Reports were designed to damage reputations claims charity

A charity says it has been exonerated by OSCR over what it called “malicious allegations".

Newspaper reports in October 2021 alleged that Wellbeing Scotland’s chief executive Janine Rennie had lied about reporting a paedophile ring to Police Scotland, despite the fact that Rennie had documentary proof that she had done just that.

According to the charity, which was formerly known as Open Secret, Scotland's charity regulator OSCR has now contacted the organisation’s solicitor and board member, Patrick McGuire and cleared it.

A statement given to Mr McGuire reads: “OSCR has concluded its investigation, during which we had the cooperation of the charity trustees. We did not find that there was misconduct or failure by the charity trustees of Wellbeing Scotland to meet their trustee duties, and we have not taken any formal action or published a statutory report.  We have made some recommendations to the charity trustees and the charity is engaging with us around the implementation of these.”

Wellbeing Scotland’s spokesman Jack Irvine said: “We are delighted that OSCR has totally exonerated Wellbeing Scotland. However, we are still mystified as to why OSCR should have got involved when it was clear the charity was the subject of complaints grounded in malice. We are also distressed, as are our stakeholders, that this totally unnecessary investigation was dragged out over such a long period. Covid is no excuse.

“There can now be no confusion either in the media or in Police Scotland as to whether Janine Rennie reported to Police Scotland, details of rings of paedophile abusers. She did, and that is now acknowledged. Sadly, there is still no clarity on who made wild allegations that Wellbeing Scotland had failed to report knowledge of these paedophile rings and it would be a useful exercise to determine who wasted so much time and resources for Wellbeing Scotland, Police Scotland and OSCR.”

Mr McGuire, of Thompsons Solicitors, added: “The source of the articles was clearly motivated to cause damage to the reputation and finances of the charity.

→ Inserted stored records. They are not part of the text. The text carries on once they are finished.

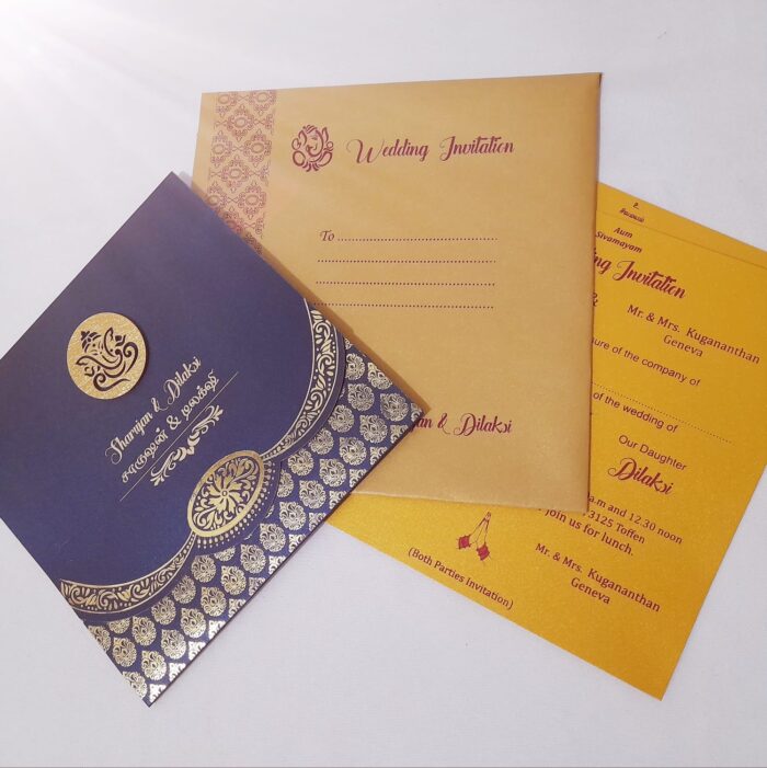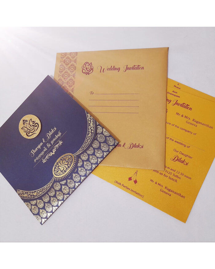 Indian weddings, and Tamil Hindu weddings are very colorful. They are traditional and rich. You also invite guests from different cultures. We create the look and feel of a classy finishing to a very traditional or very modern wedding invite. We use our technical expertise such as foiling, emboss, watermarks, velvet finishing and many more. Our printing background is rich and deep with more than 25years of experience in the industry, We use our expertise to mix the above techniques at correct places and appropriate proportions.
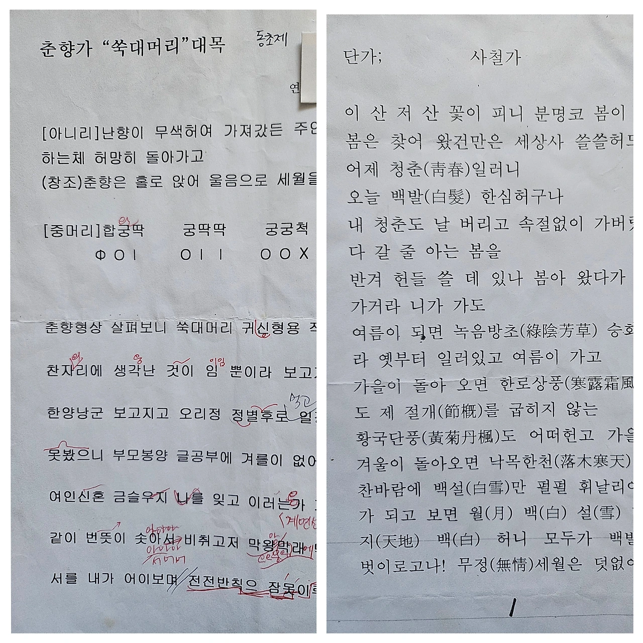 적힌 게 다였지만 선생님을 따라 한 소절이라도
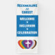 Vous pouvez afficher l'accueil de votre congrégation aux personnes LGBT dans le culte avec cette banderole orangée "Réconcilier dans le coeur du Christ".
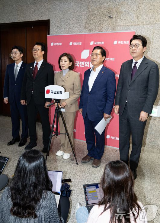 (서울=뉴스1) 유승관 기자 = 국회 법제사법위원회 국민의힘 위원들이 16일 서울 여의도 국회에서 열린 법사위 전체회의에서 무기명 투표를 통해 나경원 국민의힘 의원의 국민의힘 간사 선임의 건이 부결되자 기자회견을 하고 있다. 왼쪽부터 박준태, 곽규택, 나경원, 송석준, 신동욱 의원. 2025.9.16/뉴스1
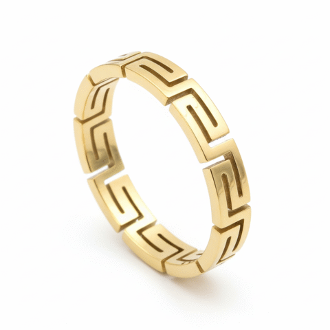 925 Silver Greek Key Design Gold Plated Band Ring | Unisex Geometric Pattern Ring”
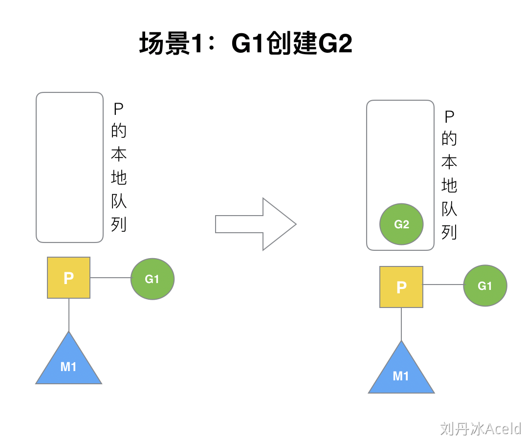 (实现中并不一定是新的G,如果G是G2之后就执行的,会被保存在本地队列,利用某个老的G替换新G加入全局队列)
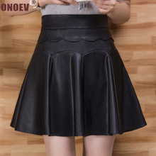 Onoev短裙春秋新款皮裙半身裙高腰pu皮蓬蓬裙百褶裙伞裙A字裙女裙
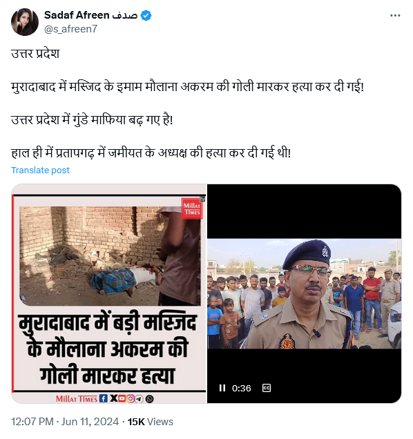 | 42. मुरादाबाद में इमाम अकरम की नहीं हुई थी हत्या, सांप्रदायिक एंगल का दावा भी झूठा | उत्तर प्रदेश मुरादाबाद में मस्जिद के इमाम मौलाना अकरम की गोली मारकर हत्या कर दी गई। | यूपी के मुरादाबाद में इमाम की हत्या का दावा गलत है। दरअसल इमाम दूसरी शादी करना चाहता था लेकिन घर में इसे लेकर विवाद था। इसी वजह से इमाम ने आत्महत्या कर ली। |
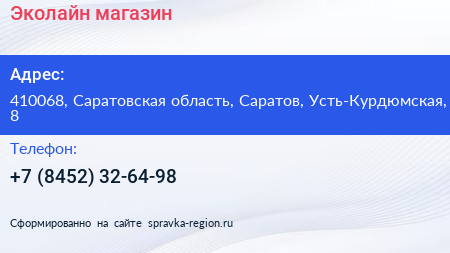 Эколайн, магазин по адресу 410068, Саратовская область, Саратов, Усть-Курдюмская, 8 в дальнейшем Организация, размещена в следующих категориях:
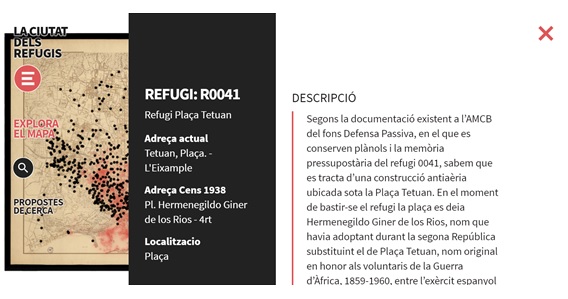 El projecte consisteix en plasmar sobre un site i a través d’un mapa interactiu i accessible tota la informació que tenim sobre els refugis per tal de facilitar la seva consulta. És a dir, fer plausible la dimensió humana i territorial dels bombardejos, traçar sobre el plànol l’esforç de la ciutadania per a protegir-se de la brutalitat i assenyalar les seves cicatrius resultants.
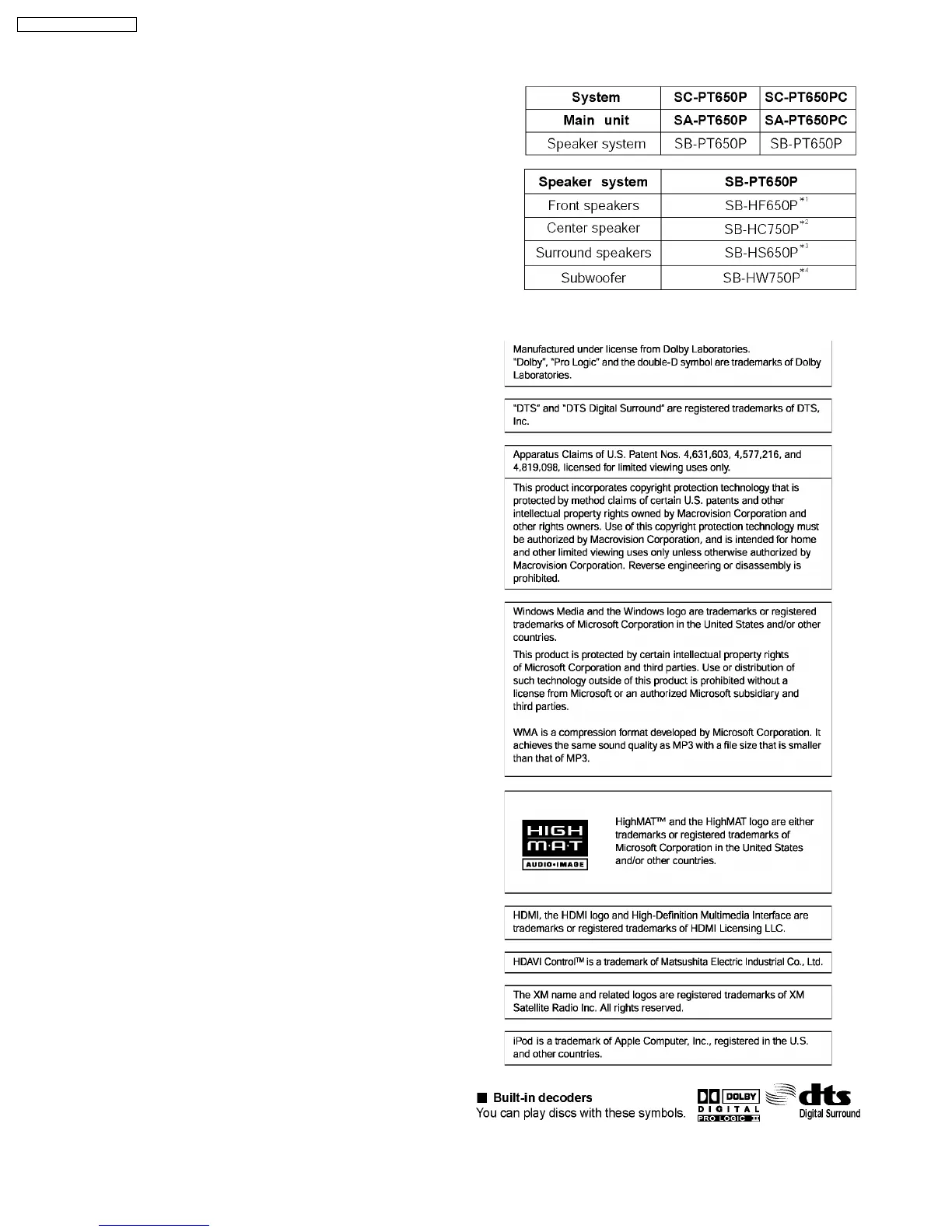 WMA (*3, 5), JPEG (*4, 5), HighMAT Level 2 (Audio and
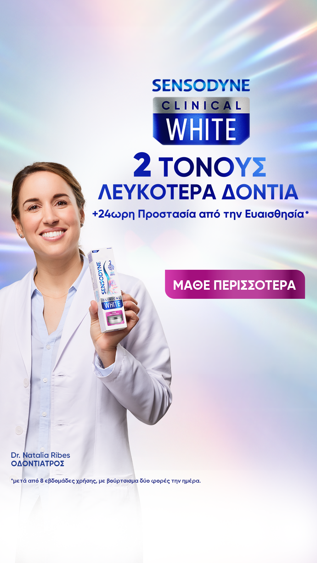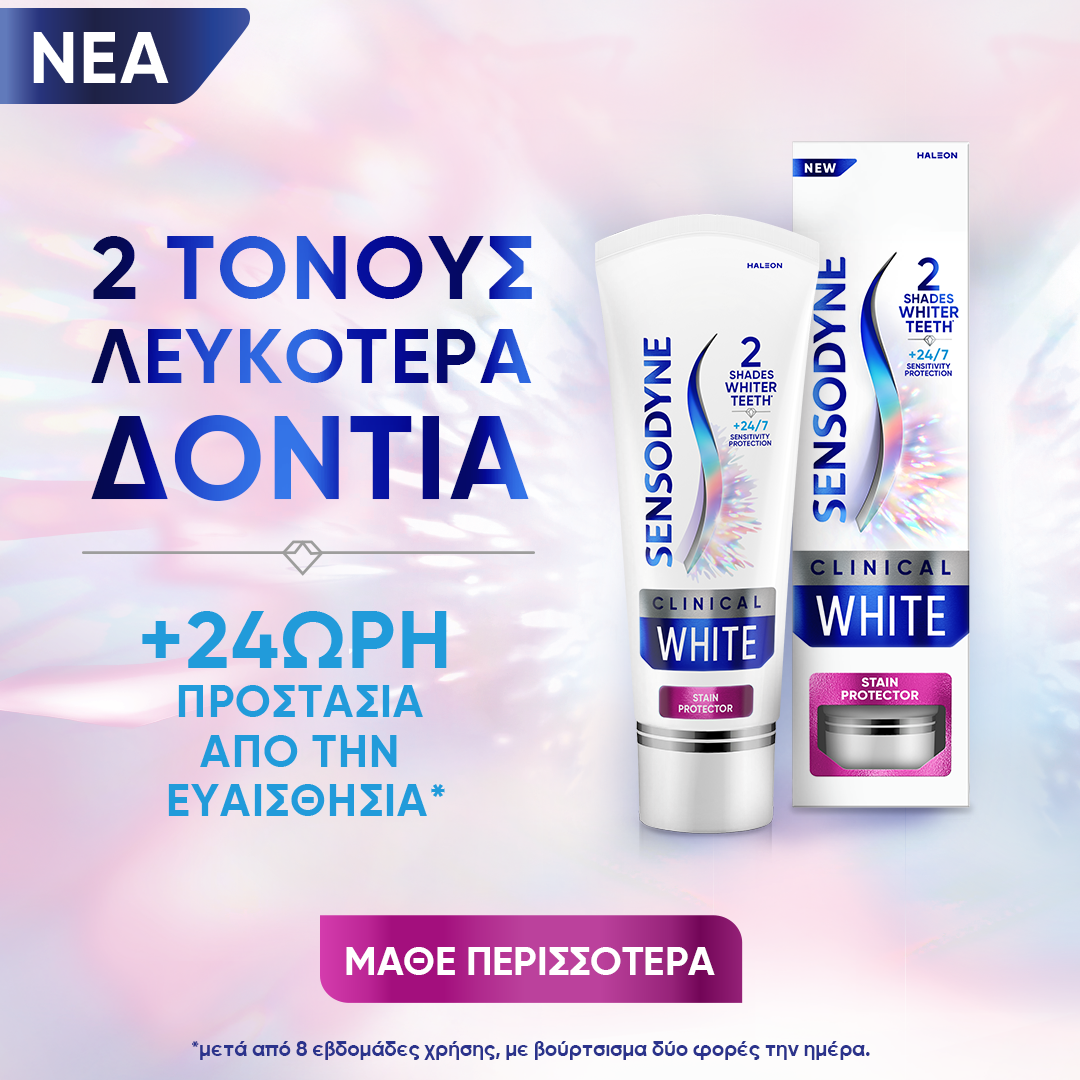 Για τα λευκά χαμόγελα, εμπιστευόμαστε την Sensodyne, κάθε μέρα, πρωί και βράδυ. Είναι άλλωστε ο σύμμαχος μας για υγιή δόντια εδώ και χρόνια, καθώς τη συνιστούν οι οδοντίατροι στην Ελλάδα και εμείς την έχουμε εντάξει στην καθημερινή ρουτίνα φροντίδας μας. Πλέον, με τη νέα Sensodyne Clinical White μπορούμε να έχουμε και δύο τόνους πιο λευκό χαμόγελο, με απόλυτη προστασία από την ευαισθησία.
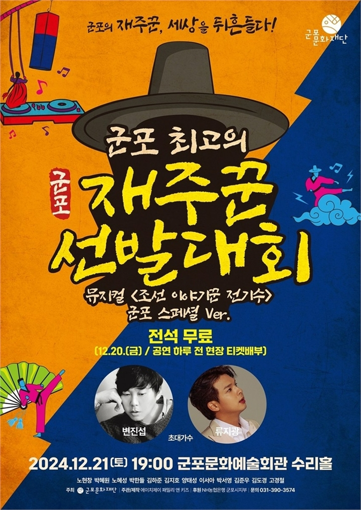 군포문화재단은 오는 21일 오후 7시 군포문화예술회관에서 군포 최고의 재주꾼 선발대회 본선 무대를 개최한다고 밝혔다. 이 행사는 시민들의 숨겨진 끼와 재능을 발굴하고 함께 성장할 수 있는 기회를 제공하기 위해 마련된 시민 참여형 공연 프로그램이다.
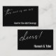 This suite's distinction is due to the contemporary script font used for accent phrases. In this piece, the elegant font was used to create a graphic depicting the words "this one is on us", placed on the front, and "cheers!" on the back. Use the template fields to add your personal details and make this unique, modern design your own. The background can be changed to any color you prefer. Please reach out with any special requests or for customizing assistance. // 158 //
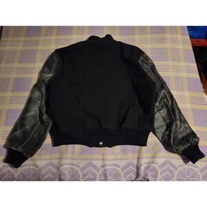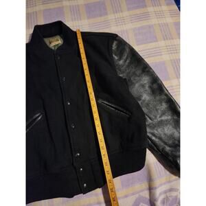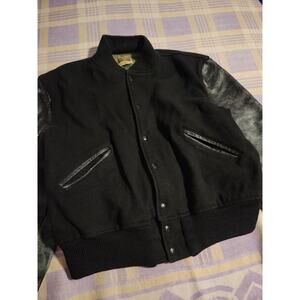 Vintage Gluv Elf Leather Wool Stadium Varsity Jacket Black Button Rare 50s 60s

“The source was motivated by malice. That much is obvious and self-evident. The length of the OSCR investigation implied a decree of seriousness or guilt. However the delays were partly down to Covid, partly due to the large volume of information Wellbeing Scotland voluntarily provided and partly to down to fault on the part of OSCR. OSCR has upheld a complaint about the length of time that the investigation took.

“Janine Rennie did provide Police Scotland with details of rings of multiple abusers. Janine Rennie, other staff and a board member met with Police Scotland where they provided information on alleged abusers and the clients who reported them. The number of potential abuse rings were more than one. Wellbeing Scotland provided Police Scotland with a redacted database showing the number of clients who had reported abuse by multiple abusers.

"Janine Rennie provided the newspaper with names of officers within Police Scotland with whom she corresponded and provided information about this matter.  I can only presume no effort was made to contact the named officers. I have seen confidential correspondence regarding this matter where the meetings and communications did take place.”

Mr Irvine added: “This has been a very distressing time for Janine Rennie who works tirelessly on behalf of victims of child abuse. To make matters worse she was the victim of a stalker because of her work with the charity and an individual is now awaiting sentencing after pleading guilty at Alloa Sheriff Court.”

An OSCR spokesperson said: "OSCR’s inquiry related to the overall governance of the charity, and did not relate to the specific allegations in the October 2021 media reports. As our statement says, our inquiry found that there was no misconduct or failure by the charity trustees of Wellbeing Scotland to meet their trustee duties. However, we have made some recommendations to the charity trustees and we continue to work with the charity to ensure that these are addressed."